Паисиелло: А, это вы, милый юноша! Буоно джорно.
Чимарозо: Вчера я был в королевском театре Сан-Карло и затем всю ночь не мог заснуть, захваченный вашей чудесной музыкой, маэстро Паисиелло.
Паисиелло: Вот как? Вы мне излишне льстите. Присаживайтесь, маэстро Чимарозо. Сделайте одолжение и составьте мне компанию. Готов побиться об заклад, что вы не завтракали.
Чимарозо: Признаться, вы, маэстро, правы.
Паисиелло: Когда-то я тоже был начинающим музыкантом. Не стесняйтесь, присаживайтесь и смело расправьтесь с этим гастрономическим этюдом. Ведь лучше умереть сытым, чем голодным.
Чимарозо скромно садится и быстро утоляет первый голод. Затем он восхищённо-почтительно внимает старшему коллеге. Временами к столику подбегают цветочницы и бросают им цветы.
Чимарозо: Так вот какую пищу вкушают великие композиторы. Вдохновляюще. Ваш повар, маэстро, истинный виртуоз.
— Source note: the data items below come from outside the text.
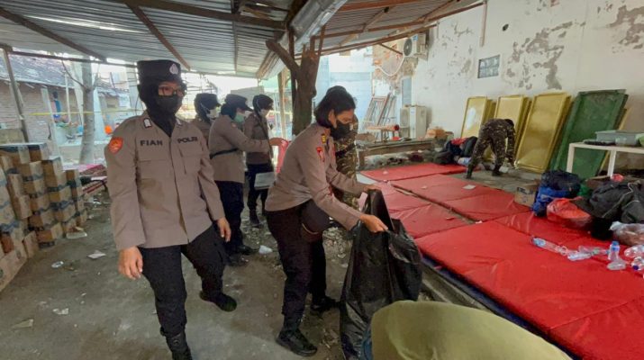 Polwan Polresta Sidoarjo Peduli Kebersihan di Posko Keluarga Korban Santri Ponpes Al Khoziny
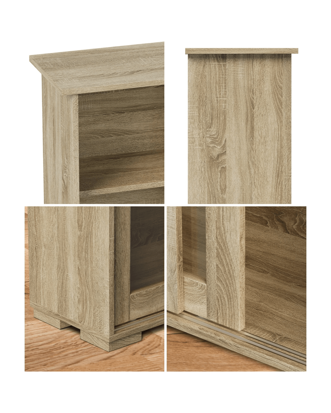 Constructed with 15mm particle board and quality components, the sideboard maintains a good sense of structure and durability. The attention to detail is meticulous, evidenced by the fine workmanship from top to bottom. Not least, maintaining the sideboard in its pristine condition is just a simple wipe away.
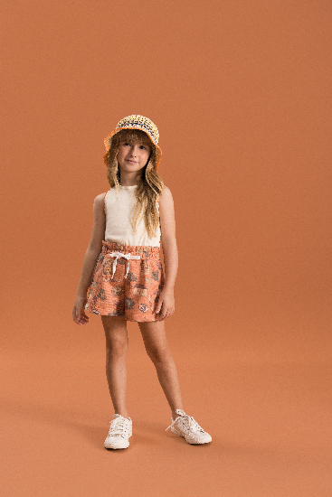 O short estampado traz paisagens no marrom terra cota, perfeito para pequenas exploradoras cheias de estilo. Ideal para brincar, passear e encantar por onde passar!
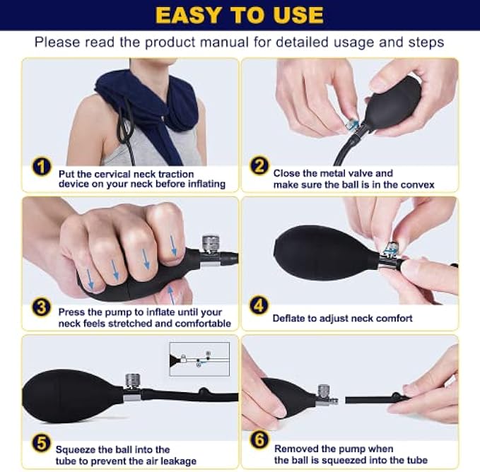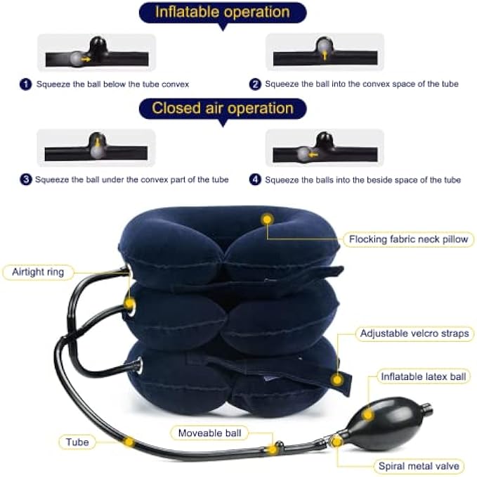 【Triple Leak Protection】 - There are three ways to avoid gas leaks: a ball in the tube, bleed valve, and split three-pipe design. And the neck traction can be inflated at the same time, and the air intake is synchronized. Even with regular use of this neck stretcher cervical traction, no air leaks.
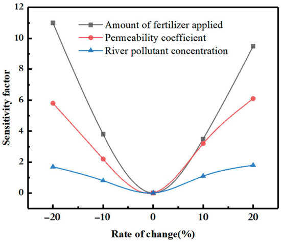 Shallow groundwater solute transport models were constructed based on the three scenarios. Sensitivity analysis was used to assess the effects of the scenarios on total nitrogen transport. This approach is based on the principle of using the model output results to find the bias of the input model scenario parameters and using the magnitude of the bias to determine the magnitude of the influence of the input model scenario parameters on the model output results (Equation (6), which can be rewritten as Equation (7) for the convenience of calculation).
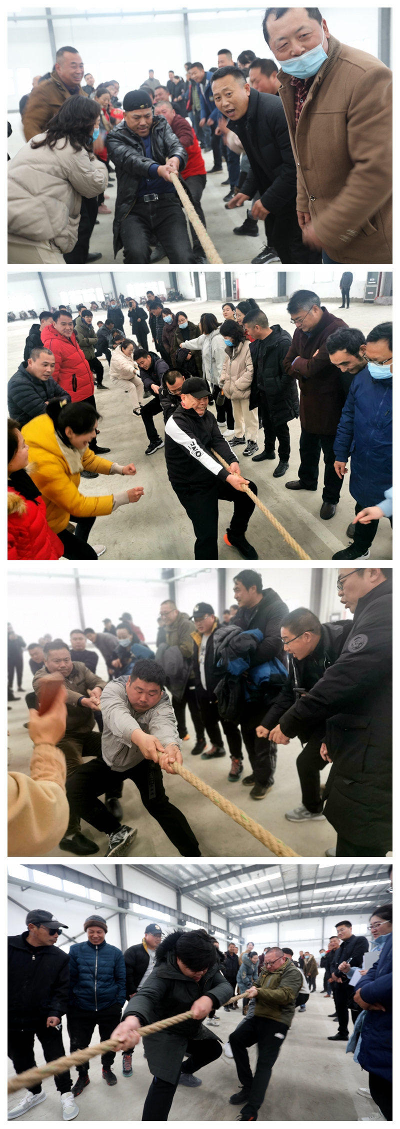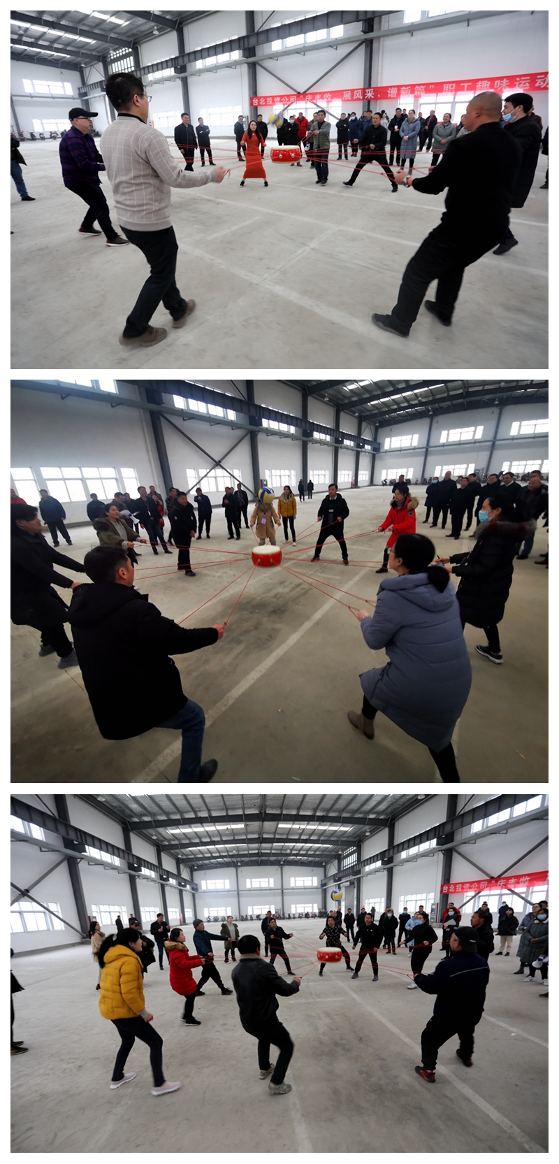 陽光熹微,冬日似金。為喜迎2021年新年的到來,大力弘揚團結拼搏,昂揚向上、奮發(fā)有為的精神風貌,營造生動活潑、寬松和諧、積極健康的良好氛圍,1228日下午,投資公司在海州灣公司9號廠房舉辦“慶豐收、展風采、譜新篇”迎元旦職工趣味運動會。本次趣味運動會分為拔河、同心擊鼓、企鵝漫步、快樂點球等四個項目,分為兩天舉行,本日舉行拔河、同心擊鼓兩項比賽。

Паисиелло: Осмелюсь дать вам совет, мой юный друг. Когда-то я начинал с написания религиозной музыки, дававшей удовлетворение и спасение моей душе. Что касается желудка, то для насыщения его я писал сонаты и посвящал их благородным и имущим отцам семейств, чьих супруг и дочерей я имел честь обучать основам музицирования. И лишь случай, позволивший мне написать первую оперу…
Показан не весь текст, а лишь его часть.